In The Doors of Perception, Aldous Huxley referred to clothing as window dressing, and commented that we cover the majority of our bodies. He went on to mention that because of this we don’t see each other truly. As someone that focuses on the surface, what do you think of this statement? What can the surface of a person tell you about them? The saying goes ‘it’s what’s inside that counts’, but what’s on the outside is almost all that routinely touches someone else, except in sex, how do we reconcile these disparate ideas?

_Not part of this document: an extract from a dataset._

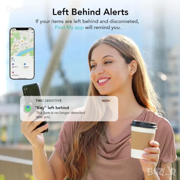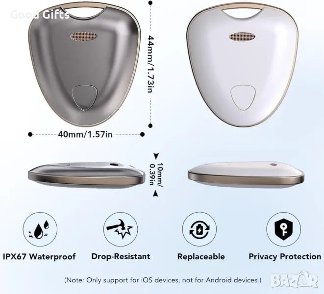 Този Мини GPS Тракер Локатор служи за проследяване на вашите вещи с помощта на приложението Find My, включително вашия багаж, ключове, раница или всякакви други основни неща. Този Air Tag за Iphone е базиран на iOS система, която работи с приложението Find Mу, с MFI сертификат, което означава, че качеството и безопасността са официално признати и имат добра съвместимост с устройства на Apple. Наблюдавайте местоположението на вашите артикули в реално време, елиминирайки паниката от загуба на ключове или портфейли. Вградената батерия издържа до 12 месеца. Освен всичко този локатор е водоустойчивост, гарантиращ липса на повреда на устройството, дори ако се загуби в дъжда.

I should start by saying here that this is a book that I have not read (gasp!) And don’t get me started about Zen and the Art of Motorcycle Maintenance either, which I tried to read several times but really hated. Of course I have heard of “The Doors..” and have a passing familiarity with it’s contents. But the premise of your question strikes me as a little dated and over simplified and I’m not sure it is entirely true. The skin is no different than clothing with regards to the “true” self. Besides, I live in New York and people here pour a lot of themselves into their outward appearance-in a good way. Everything’s a self-portrait, right? And we really only ever show other people the parts of ourselves that we choose to share, whether or not we are clothed. One is constantly editing, consciously or otherwise. Anyways, I am a very private person so this all seems moot to me. I’m very happy in my fashionably appointed little meat bunker. Fuggetaboutit!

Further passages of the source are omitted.